## Dataset entries
◆ ◆ ◆ ◆ ◆

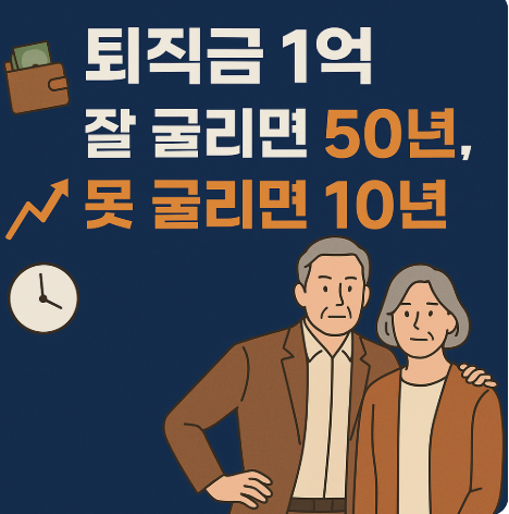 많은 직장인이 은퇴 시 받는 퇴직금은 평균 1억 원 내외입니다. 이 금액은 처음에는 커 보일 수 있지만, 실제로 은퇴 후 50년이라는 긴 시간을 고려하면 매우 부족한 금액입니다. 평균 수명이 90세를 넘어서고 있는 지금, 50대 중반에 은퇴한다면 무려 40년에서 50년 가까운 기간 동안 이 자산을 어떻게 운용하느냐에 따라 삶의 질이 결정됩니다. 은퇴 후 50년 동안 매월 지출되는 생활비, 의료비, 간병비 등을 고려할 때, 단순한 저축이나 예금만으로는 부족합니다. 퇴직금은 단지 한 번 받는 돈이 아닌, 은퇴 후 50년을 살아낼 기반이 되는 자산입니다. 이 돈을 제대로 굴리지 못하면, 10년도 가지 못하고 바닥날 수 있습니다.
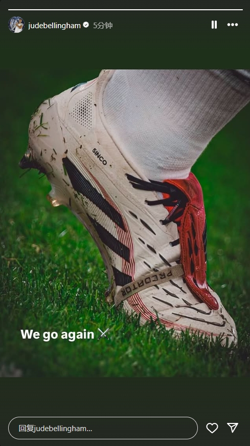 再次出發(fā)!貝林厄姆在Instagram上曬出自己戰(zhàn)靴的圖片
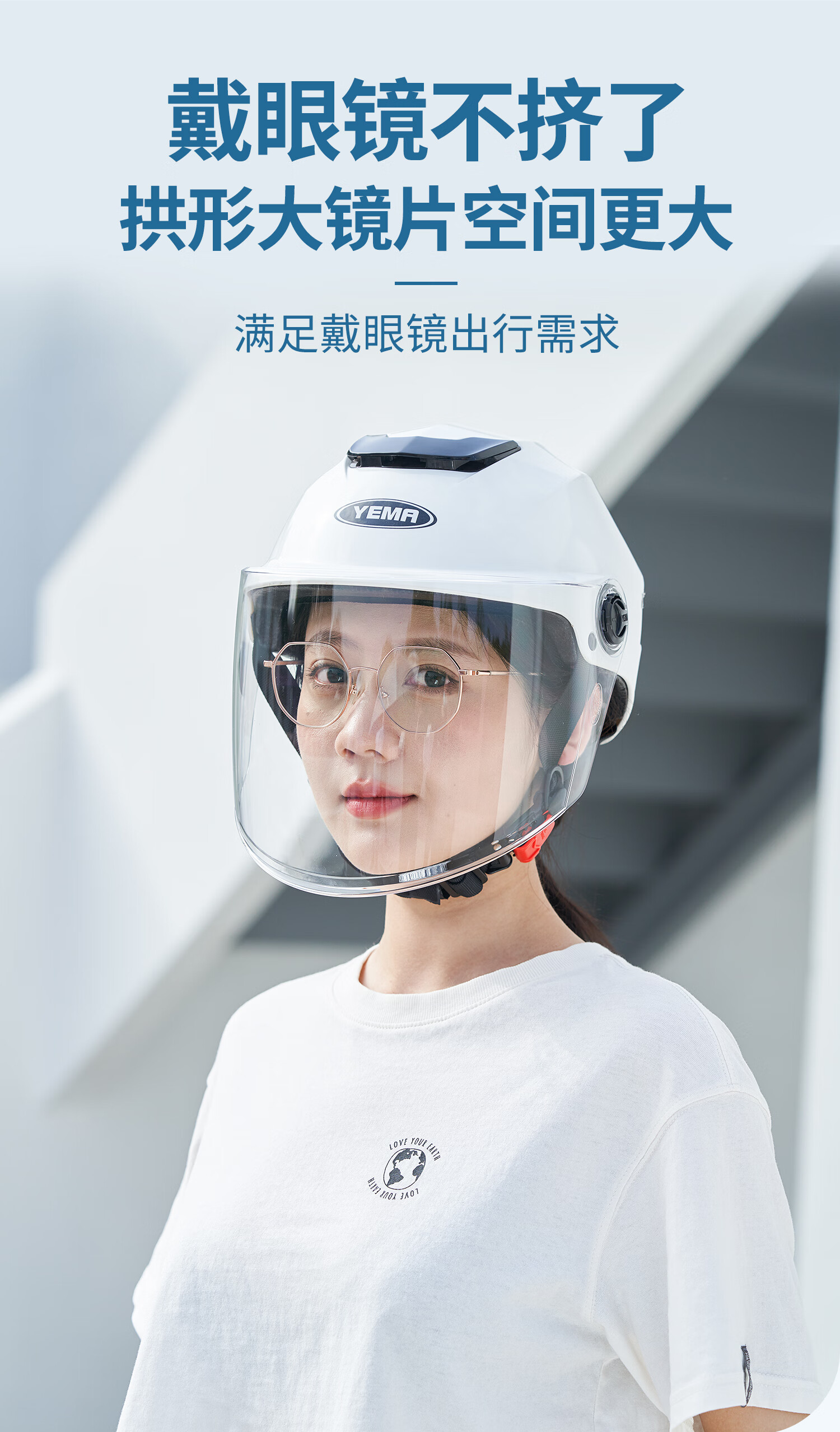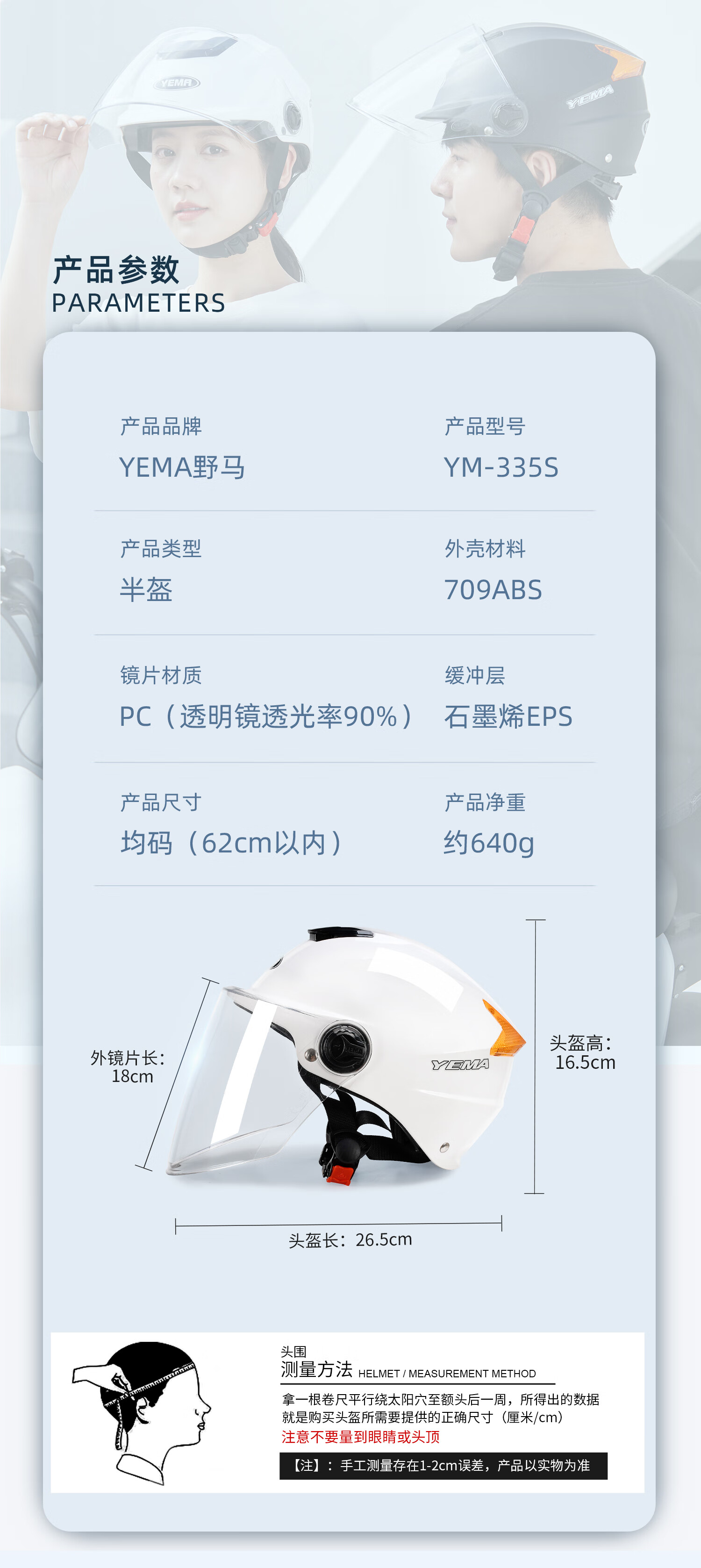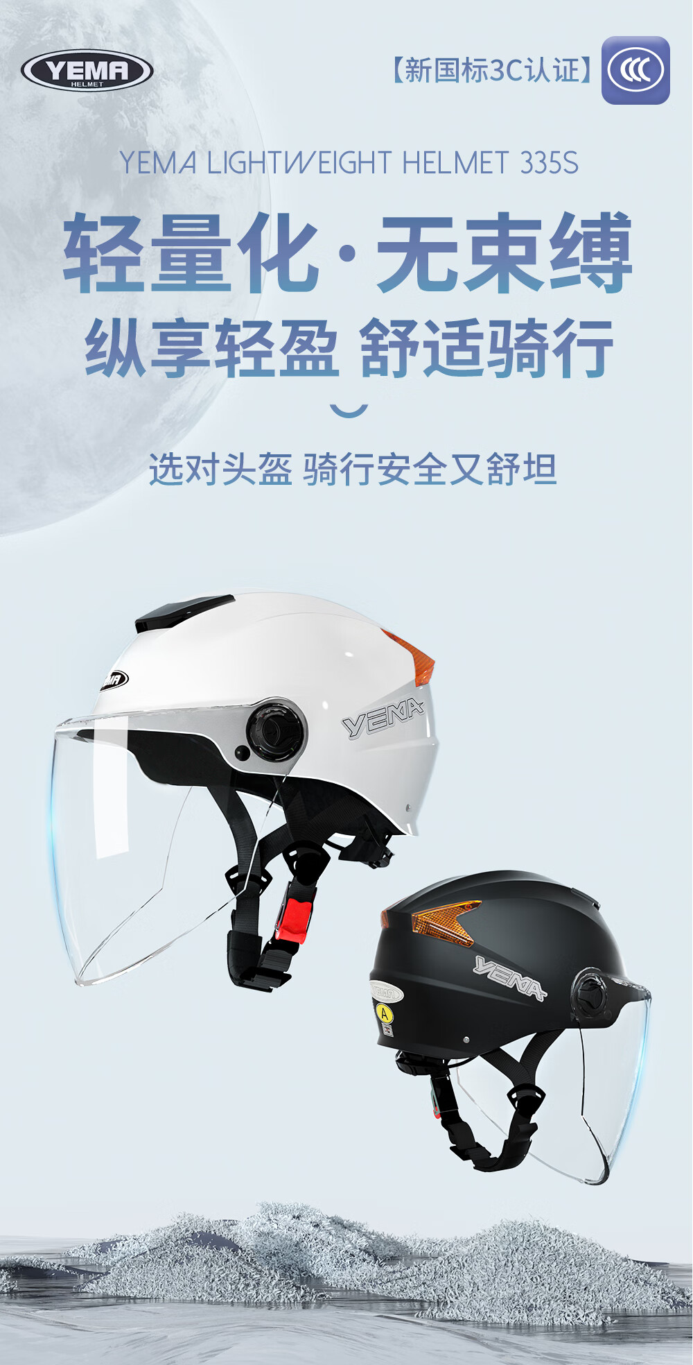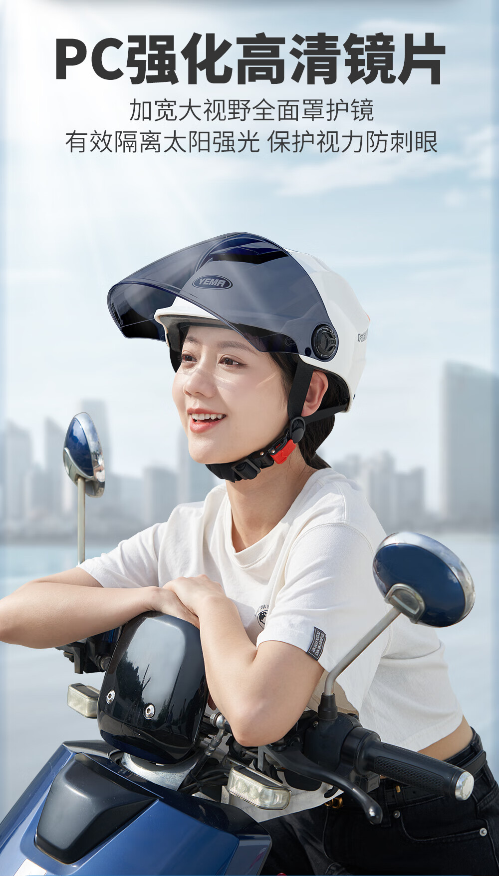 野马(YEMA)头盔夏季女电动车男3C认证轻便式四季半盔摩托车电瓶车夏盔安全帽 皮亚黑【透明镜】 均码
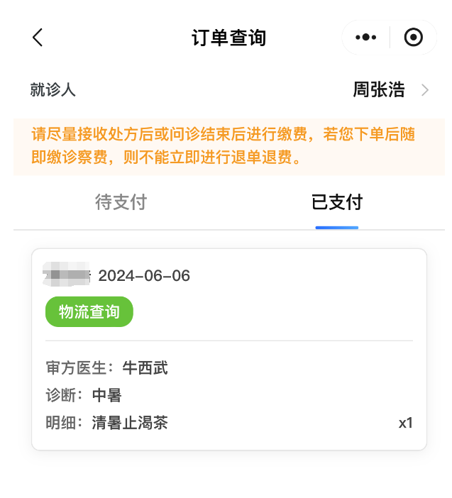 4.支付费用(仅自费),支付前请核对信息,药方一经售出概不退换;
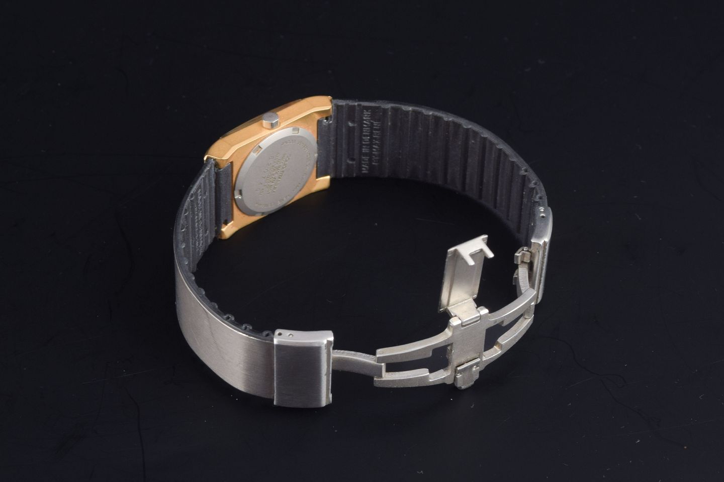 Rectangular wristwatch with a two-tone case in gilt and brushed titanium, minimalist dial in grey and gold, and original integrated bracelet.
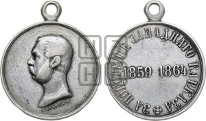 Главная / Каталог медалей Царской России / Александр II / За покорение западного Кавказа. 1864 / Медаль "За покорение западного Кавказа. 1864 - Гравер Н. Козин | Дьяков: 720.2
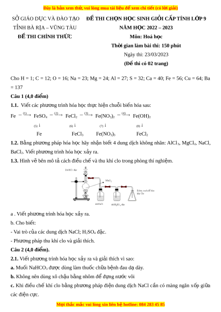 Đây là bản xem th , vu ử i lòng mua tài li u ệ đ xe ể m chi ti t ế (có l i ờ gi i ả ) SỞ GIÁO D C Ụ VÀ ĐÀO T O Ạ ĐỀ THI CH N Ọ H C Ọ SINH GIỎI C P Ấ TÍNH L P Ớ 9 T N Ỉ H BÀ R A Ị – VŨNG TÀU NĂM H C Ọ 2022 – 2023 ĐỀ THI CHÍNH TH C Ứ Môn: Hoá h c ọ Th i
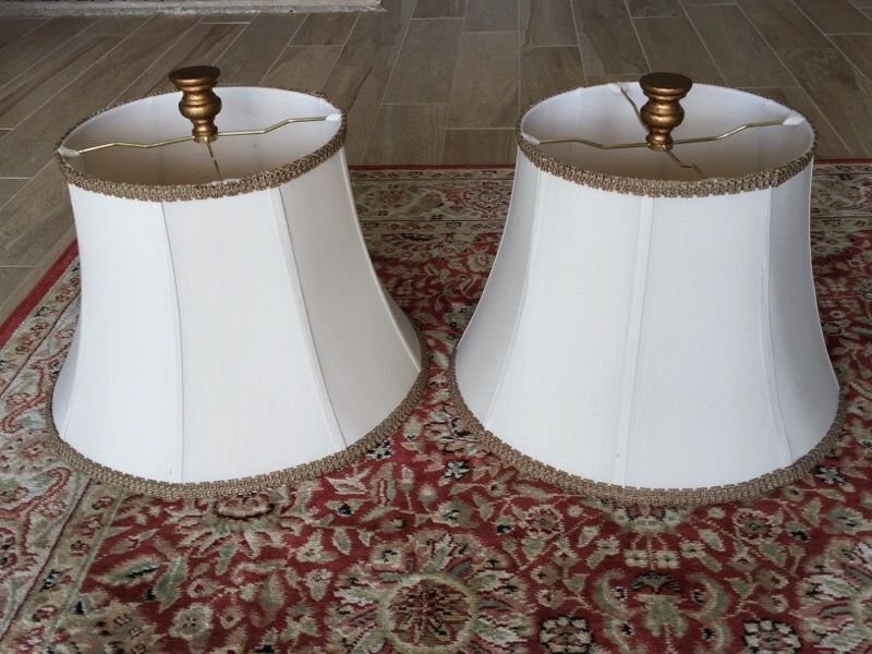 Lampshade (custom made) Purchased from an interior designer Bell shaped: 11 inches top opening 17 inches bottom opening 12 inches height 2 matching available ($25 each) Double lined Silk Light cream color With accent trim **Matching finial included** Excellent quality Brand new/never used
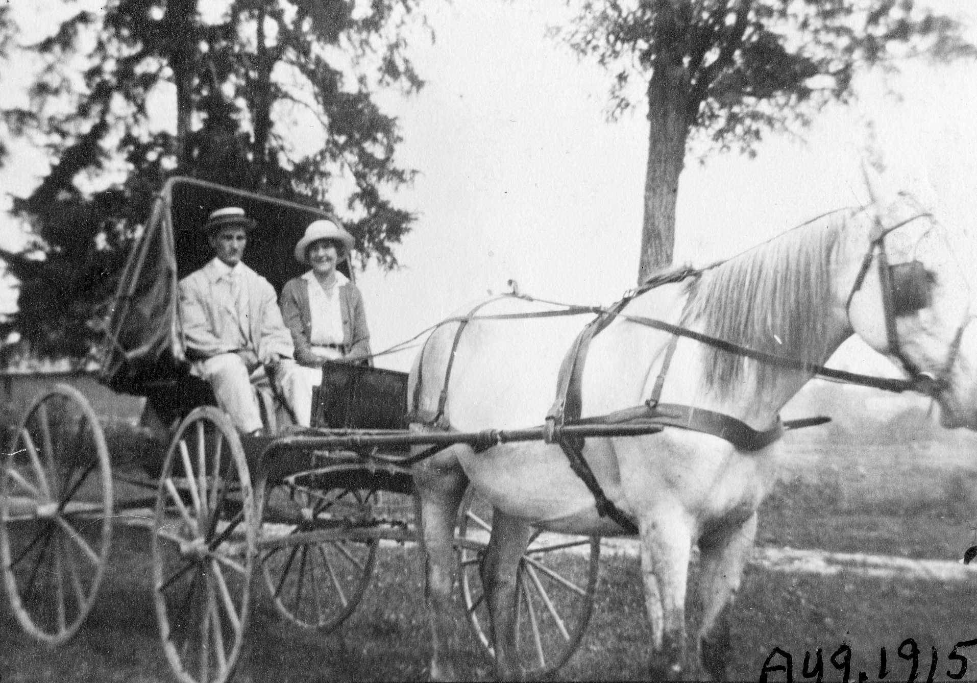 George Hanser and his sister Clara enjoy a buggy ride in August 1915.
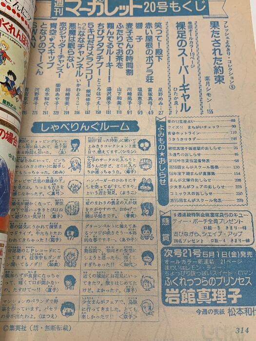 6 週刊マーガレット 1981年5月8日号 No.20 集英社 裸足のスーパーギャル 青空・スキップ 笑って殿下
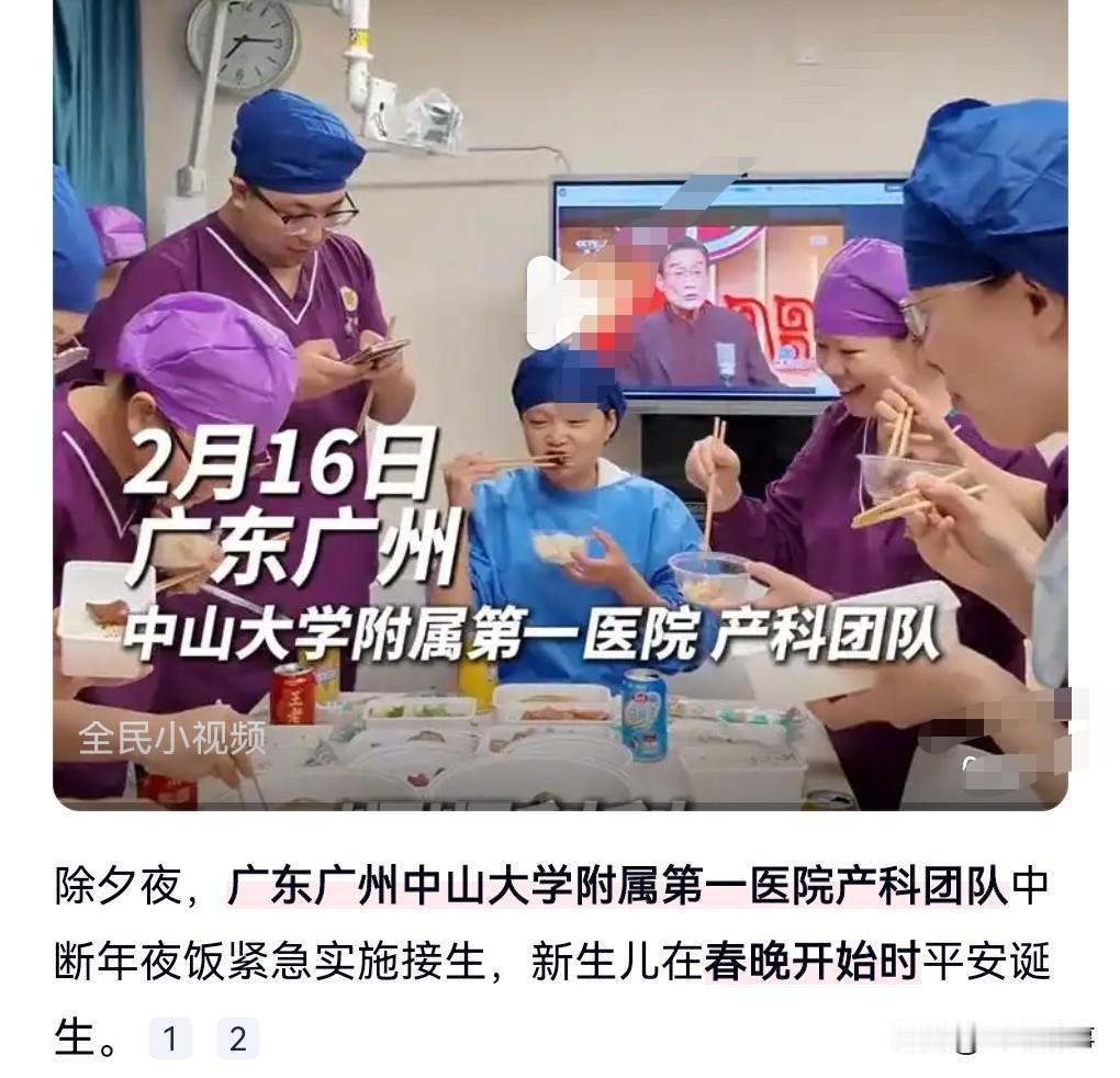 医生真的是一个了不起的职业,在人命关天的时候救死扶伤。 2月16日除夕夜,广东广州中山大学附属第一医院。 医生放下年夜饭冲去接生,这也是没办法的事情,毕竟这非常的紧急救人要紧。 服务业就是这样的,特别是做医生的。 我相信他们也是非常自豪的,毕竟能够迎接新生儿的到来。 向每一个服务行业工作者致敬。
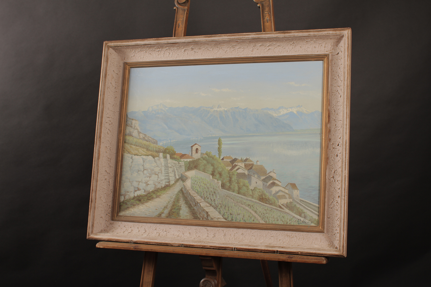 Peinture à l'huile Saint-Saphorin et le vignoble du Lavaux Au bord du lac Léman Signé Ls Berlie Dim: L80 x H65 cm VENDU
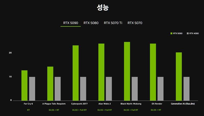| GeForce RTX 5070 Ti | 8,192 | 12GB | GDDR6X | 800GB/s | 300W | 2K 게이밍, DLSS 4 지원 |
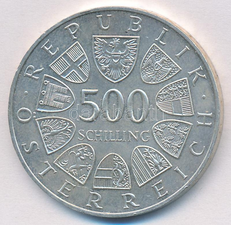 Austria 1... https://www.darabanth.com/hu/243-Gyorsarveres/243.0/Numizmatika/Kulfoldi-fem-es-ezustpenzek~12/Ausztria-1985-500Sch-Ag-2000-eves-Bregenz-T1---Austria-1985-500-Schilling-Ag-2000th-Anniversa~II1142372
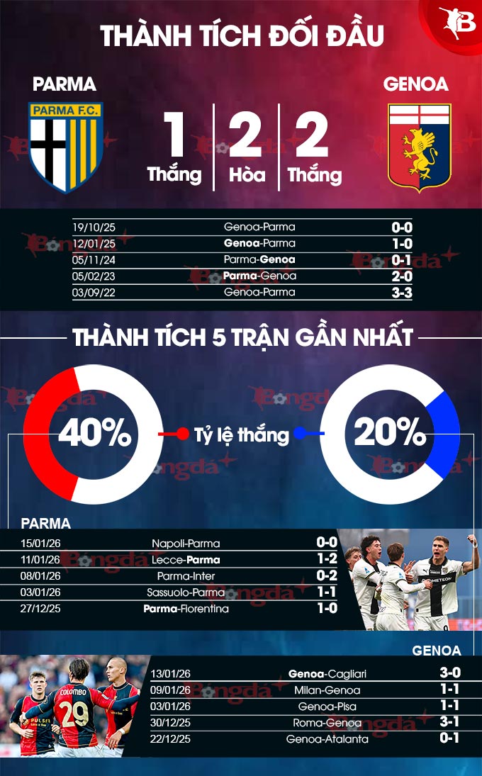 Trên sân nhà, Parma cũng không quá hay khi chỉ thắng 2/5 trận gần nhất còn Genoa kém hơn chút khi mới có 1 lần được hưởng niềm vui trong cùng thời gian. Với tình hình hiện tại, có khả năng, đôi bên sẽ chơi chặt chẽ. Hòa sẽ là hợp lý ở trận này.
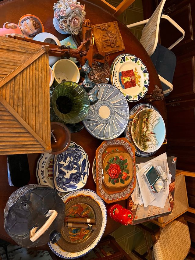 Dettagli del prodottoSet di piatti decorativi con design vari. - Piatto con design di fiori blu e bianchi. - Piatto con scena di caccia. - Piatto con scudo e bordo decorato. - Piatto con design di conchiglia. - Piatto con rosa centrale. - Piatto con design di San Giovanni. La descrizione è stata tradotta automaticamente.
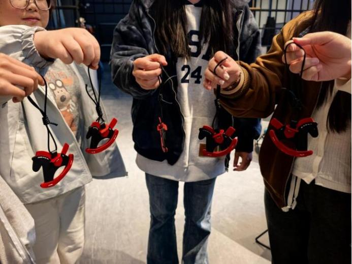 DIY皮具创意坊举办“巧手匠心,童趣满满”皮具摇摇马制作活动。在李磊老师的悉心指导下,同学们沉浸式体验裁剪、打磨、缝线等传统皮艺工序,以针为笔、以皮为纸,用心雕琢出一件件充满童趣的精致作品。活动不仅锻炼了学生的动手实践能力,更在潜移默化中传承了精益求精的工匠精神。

◆ ◆ ◆ ◆ ◆

## Exercise
Copy exactly, without pictures, the lines above from the one with "野马(YEMA)头盔夏季女电动车男3C认证轻便式四季半盔摩托车电瓶车夏盔安全帽 皮亚黑【透明镜】 均码" down to the one with "Đây là bản xem", inclusive.

## Completed task
 野马(YEMA)头盔夏季女电动车男3C认证轻便式四季半盔摩托车电瓶车夏盔安全帽 皮亚黑【透明镜】 均码
 4.支付费用(仅自费),支付前请核对信息,药方一经售出概不退换;
 Rectangular wristwatch with a two-tone case in gilt and brushed titanium, minimalist dial in grey and gold, and original integrated bracelet.
 Главная / Каталог медалей Царской России / Александр II / За покорение западного Кавказа. 1864 / Медаль "За покорение западного Кавказа. 1864 - Гравер Н. Козин | Дьяков: 720.2
 Đây là bản xem th , vu ử i lòng mua tài li u ệ đ xe ể m chi ti t ế (có l i ờ gi i ả ) SỞ GIÁO D C Ụ VÀ ĐÀO T O Ạ ĐỀ THI CH N Ọ H C Ọ SINH GIỎI C P Ấ TÍNH L P Ớ 9 T N Ỉ H BÀ R A Ị – VŨNG TÀU NĂM H C Ọ 2022 – 2023 ĐỀ THI CHÍNH TH C Ứ Môn: Hoá h c ọ Th i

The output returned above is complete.